Archive » November 30, 2006
By Ernie Witham
The Joy of Teaching
To me, there is nothing more rewarding than spending a day with the grandkids and sharing the wisdom of my years. Today, for instance we were exploring creative new ways of expressing the alphabet.
“Aaaaaa,” 6-year-old Leila offered.
“Good one,” I said.
“Bbbbbb,” Charlie 4-year-old added.
“Another great effort.”
“Your turn,” they said.
I swallowed as much air as I could, then let loose with a loud musical belch: “Cccccccccccccccccccccc.”
“Wow!” they said.
I beamed with grandfatherly pride. “I used to be able to do the entire alphabet in one burp.”
“Wow,” they said again.
Leila swallowed several times, her eyes sparkling with concentration. “Deeee-eeee-fffff,” she burped.
Charlie and I applauded enthusiastically.
“What’s going on?” my wife asked.
“Book!” I whispered loudly.
Leila handed me a book and she and Charlie snuggled up, jut as my wife rounded the corner.
“…And that is why we don’t have a Roman Empire today… oh hi, Dear. We’re just reading and stuff.”
She looked at the book. “You got the Fall of the Roman Empire out of ‘Chimps don’t Wear Glasses?’”
“Ahhhh, yeah, well…”
“Can we go to the zoo?” Charlie asked.
“Great idea,” I said.
Leila looked at me. “I’ll bet I can burp the word zoo,” she said.

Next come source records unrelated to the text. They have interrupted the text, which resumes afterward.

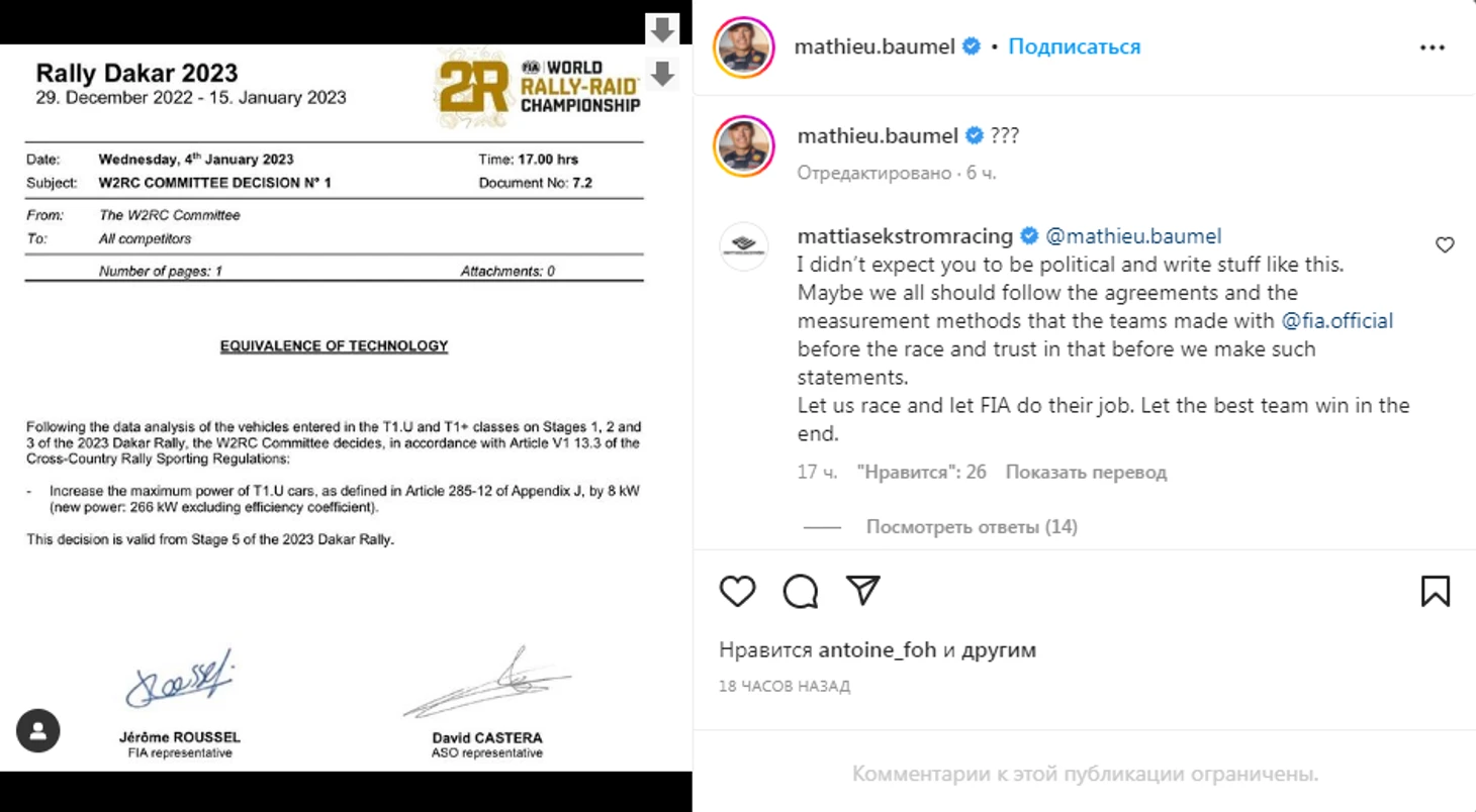 Ведь Нассер и его штурман Матье Бомель отреагировали очень бурно: запостили решение в соцсети с разгромными комментариями:
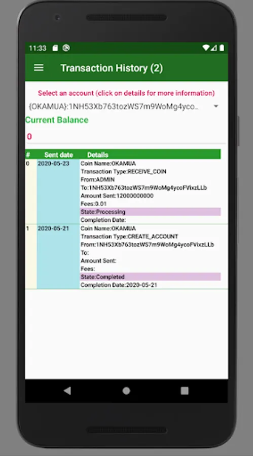 6. All transactions (sending coins, generating checks, and generating donation codes) can be checked in the transaction details menu on the app.
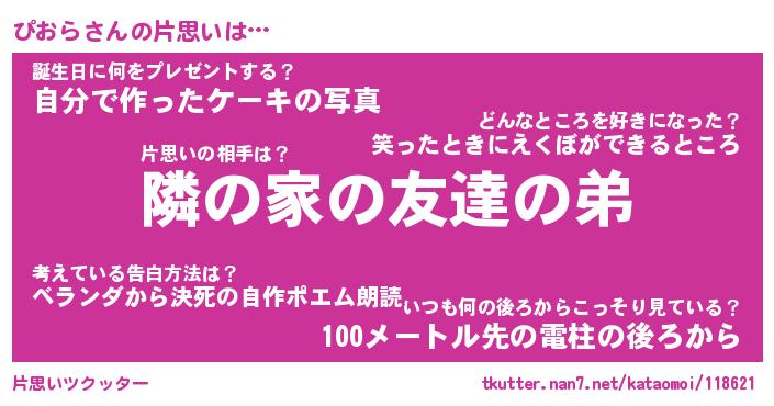 | ヘコむあだ名 | 『ぴおっふぃ~』『つくし』『ぴおを』 |

I patted her head. I love to see them grow.
Although, it’s quaint compared to say the San Diego Zoo or a party at Michael Jackson’s house, the Santa Barbara Zoo is still a lot of fun – especially the little train.
“Check this out,” I said, as we pulled away from the station. “I’m not going to hold on the entire ride.” I threw my hands over my head as if I were in the front car on Colossus at Six Flags Magic Mountain.
Unfortunately, the train has a low ceiling.
“Please no banging on the train,” the teenage conductor said, then added: “Oh, it’s you.” She then reminded “everybody” that there was no standing, no hollering, no loud animal imitations, no leaning our heads out to see how close we could come to being decapitated by the sign at Gibbon Island. “And please don’t ruin the punch lines on all my jokes this time.”
Dang. I love the one about the lions spending all day “lion about.”
After the train ride, we headed for barnyard.
“What’s this?” Leila asked as I handed her a small cup.
“Food,” I said. “I’ll get some pictures of you feeding the sheep.”
“Do they bite?”
“Naw. These are domestic sheep. Over the years they have been bred to eat just using their tongues.”
A few feet away another kid held out a pellet. “Ow,” she said as a sheep took the pellet and ripped the little paper cup out of her hand.
Leila grabbed my camera. “You feed it. I’ll take the photo.”
The sheep smiled a toothy smile at me. “Ah, who wants a picture of a sheep anyway,” I said. “Let’s go see the lions.”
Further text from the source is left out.